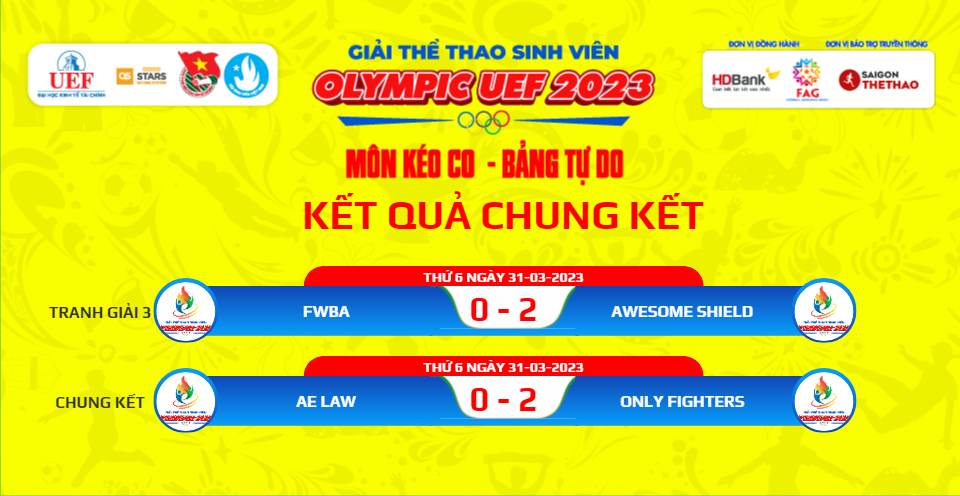 Kết quả trận đấu Chung kết và tranh hạng Ba cũng được định đoạt chỉ sau 2 lượt kéo. Awesome Shield giành giải Ba với chiến thắng trước FwBA, còn Only Fighters giữ vững phong độ và bứt phá để giành huy chương Vàng trước đối thủ AE Law.
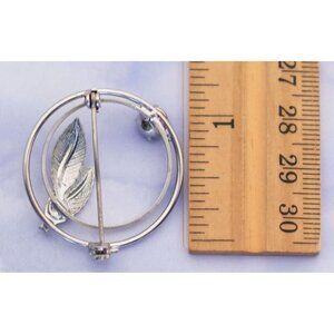 Vintage Silver Tone Leaf Circle Brooch
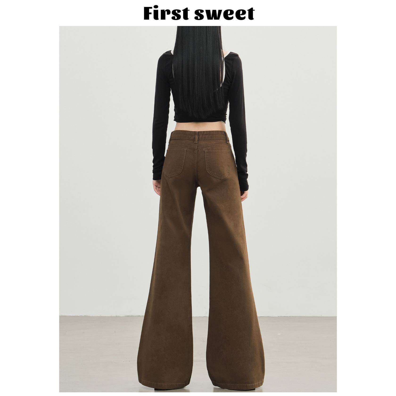 棕咖色微喇牛仔裤女2025年秋冬新款美式低腰宽松显瘦直筒喇叭裤子
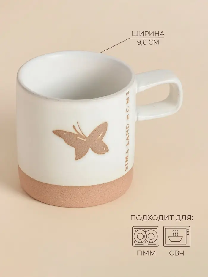 Позвольте себе насладиться утончённостью и уютом каждый день с кружкой, которая не только практичная, но и стильная. Эту керамическую кружку с изображением бабочек можно смело назвать отличным спутником для утреннего кофе или вечернего чая.
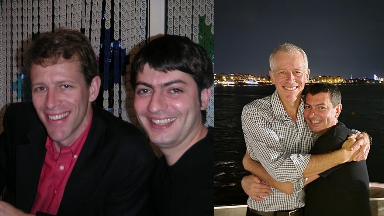 2) The first day of the Value Investing Seminar I'm co-hosting here in Trani, Italy went well, with presentations by nine speakers, including myself, my friend and former partner Glenn Tongue, and my co-host, Ciccio Azzollini. Here's a picture of us from the first time I visited 18 years ago and last night (I know, I know – neither of us has aged a day, right?):
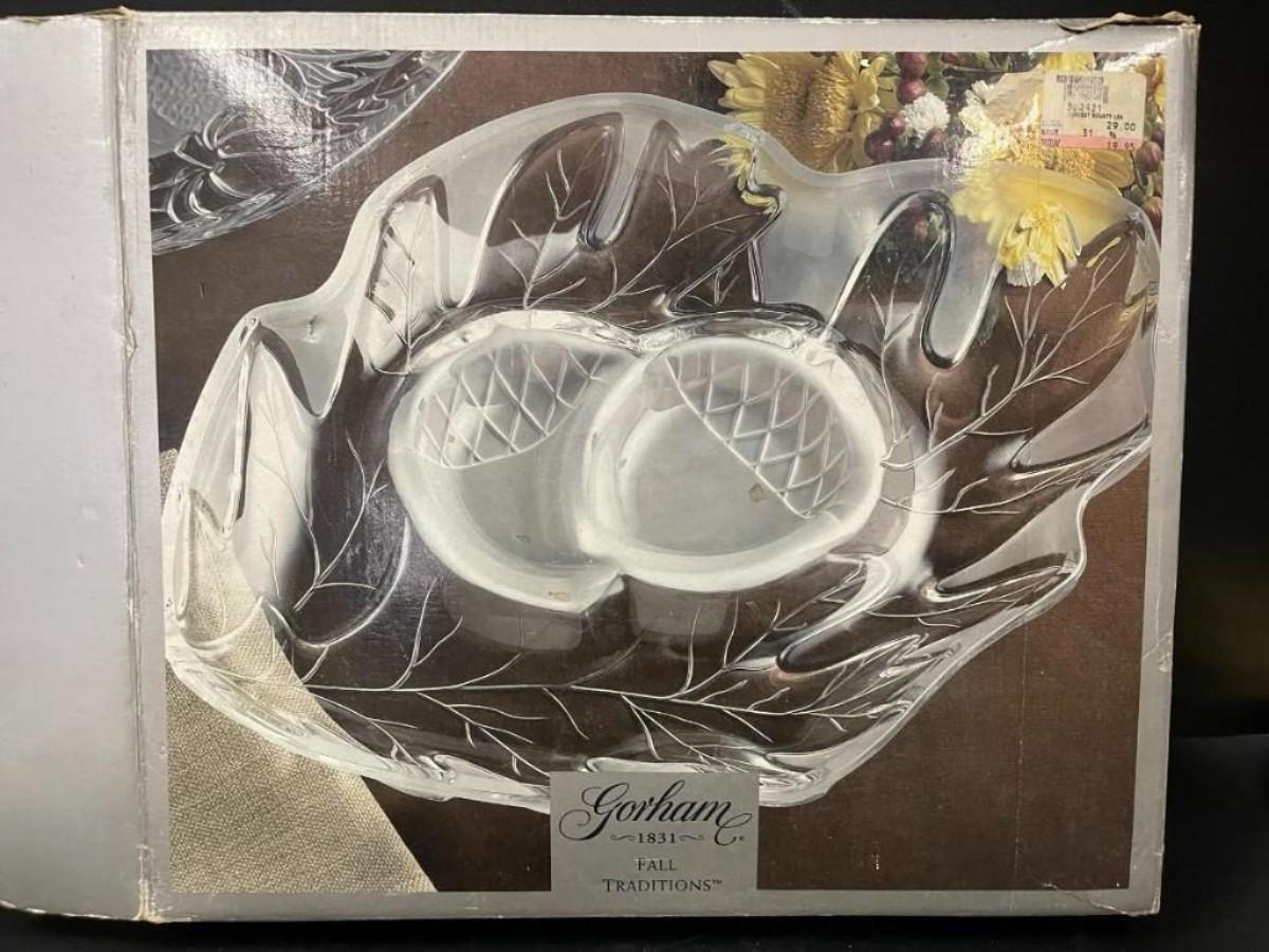 Gorham Fall Traditions Harvest Bounty Crystal Leaf Dish. Dish is in new condition and comes in original box. Box is in rough Condition: Used Size: 13" x 17"
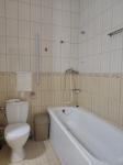 Санузел облицован современной плиткой, установлена ванна и бойлер для горячей воды.
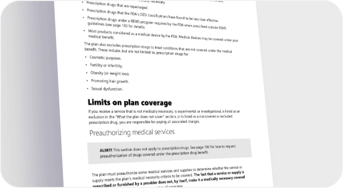 • Prescription drug costs covered by other insurance (see page 123 for coordination with other plans). • Prescription drugs not approved by the FDA. • Prescription drugs prescribed for excluded conditions. • Prescription drugs provided to a member, in whole or in part, while the member is admitted to an inpatient facility. Drugs provided in an inpatient setting are covered under the medical benefit. • Prescription drugs that are not medically necessary. • Prescription drugs that are repackaged. • Prescription drugs that the FDA’s DESI classifications have found to be less than effective. • Prescription drugs under a REMS program required by the FDA when prescribed outside REMS guidelines (see page 100 for details). • Most products considered as a medical device by the FDA. Medical devices may be covered under your medical benefit. The plan also excludes prescription drugs to treat conditions that are not covered under the medical benefit. These include, but are not limited to, prescription drugs for: • Cosmetic purposes. • Fertility or infertility. • Obesity (or weight loss). • Promoting hair growth. • Sexual dysfunction. Limits on plan coverage If you receive a service that is not medically necessary, is experimental or investigational, is listed as an exclusion in the “What the plan does not cover” section, or is listed as a noncovered or excluded prescription drug, you are responsible for paying all associated charges. Preauthorizing medical services ALERT! This section does not apply to prescription drugs. See page 100 for how to request preauthorization of drugs covered under the prescription drug benefit. The plan must preauthorize some medical services and supplies to determine whether the service or supply meets the plan’s medical necessity criteria to be covered. The fact that a service or supply is prescribed or furnished by a provider does not, by itself, make it a medically necessary covered service. Preauthorization is not a guarantee of coverage. A change after the plan has approved a preauthorization request — including, but not limited to, a change of provider or different/additional services — requires your provider to submit a new preauthorization request and for the plan to approve it. If your preauthorization is denied, your provider may request a peer-to-peer review where they can talk to a Regence BlueShield provider about your condition prior to submitting an appeal. For more information contact UMP customer service. 106 2024 UMP Select (PEBB) Certificate of Coverage
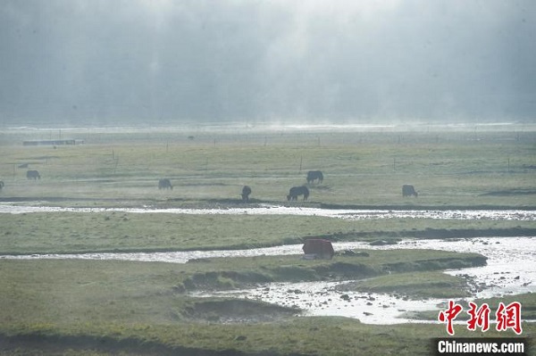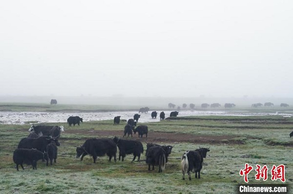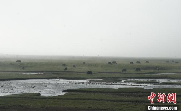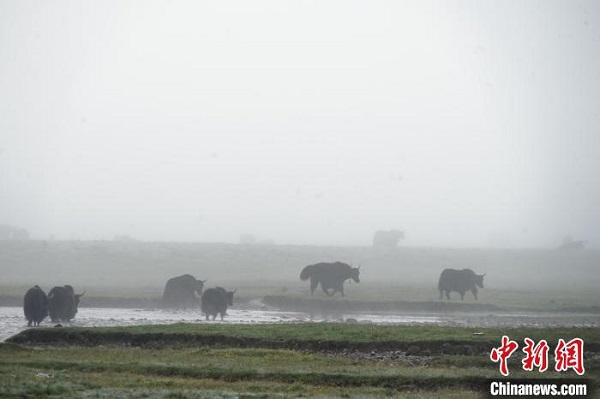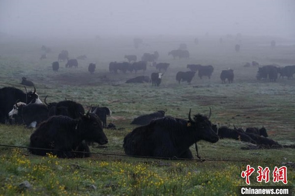 Au petit matin du 20 juillet, la plage de Nyanpo, district de Jigzhi, préfecture autonome tibétaine de Golog, province de Qinghai, était brumeuse et pleine de brouillard. Des groupes de yaks appartenant aux bergers cherchaient de la nourriture et se promenaient dans le brouillard, ressemblant à de belles peintures à l'encre. La plage de Nyanpo, située au nord de Nyanpo Yutse, couvre une superficie de 36 kilomètres carrés. Les quatre saisons sont riches en eau et en herbe, le bétail est partout et les bergers vivent ici depuis des générations.
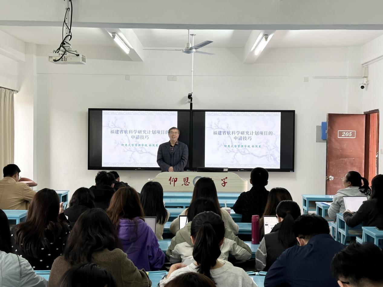 为提升全院教师科研项目申报能力,精准把握省级科研项目申报要点,2026年3月19日下午,6776永利集团在吉龙楼205顺利举办福建省软科学研究计划项目申请技巧专题讲座。本次讲座由6776永利集团党总支副书记陈绍炯主持,工商管理系林迎星教授主讲,全院教职工到场参会学习。
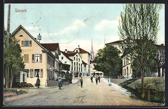 AK Uznach, Strassenpartie mit Blick auf den Kirchturm
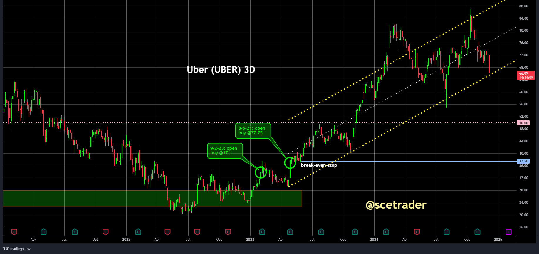 Het aandeel Uber is onlangs fors gecorrigeerd. We zitten trouwens op een up (zie ook de database). Misschien dat er om bepaalde redenen zoals de angst voor concurrentie van zelfrijdende auto's nog wel een verdere daling zullen zien.
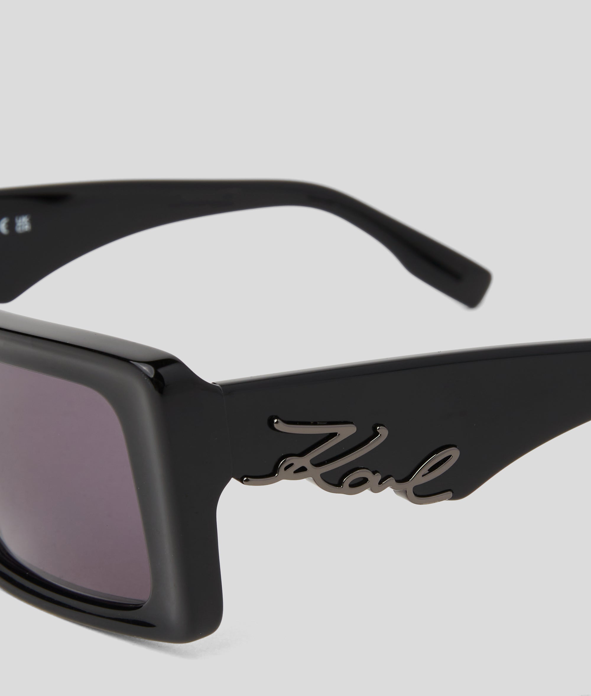 Bold rectangular frames define these sunglasses. featuring distinctive cut-out KARL Signature detailing at the arms.

__WHAT IS BEING ASKED__: Exactly the lines above from the one that contains "Vintage Silver Tone Leaf Circle Brooch" down to the one that contains "Санузел облицован современной" are to be output, both ends kept and pictures omitted.

__SOLUTION__:
 Vintage Silver Tone Leaf Circle Brooch
 棕咖色微喇牛仔裤女2025年秋冬新款美式低腰宽松显瘦直筒喇叭裤子
 Позвольте себе насладиться утончённостью и уютом каждый день с кружкой, которая не только практичная, но и стильная. Эту керамическую кружку с изображением бабочек можно смело назвать отличным спутником для утреннего кофе или вечернего чая.
 2) The first day of the Value Investing Seminar I'm co-hosting here in Trani, Italy went well, with presentations by nine speakers, including myself, my friend and former partner Glenn Tongue, and my co-host, Ciccio Azzollini. Here's a picture of us from the first time I visited 18 years ago and last night (I know, I know – neither of us has aged a day, right?):
 Gorham Fall Traditions Harvest Bounty Crystal Leaf Dish. Dish is in new condition and comes in original box. Box is in rough Condition: Used Size: 13" x 17"
 Санузел облицован современной плиткой, установлена ванна и бойлер для горячей воды.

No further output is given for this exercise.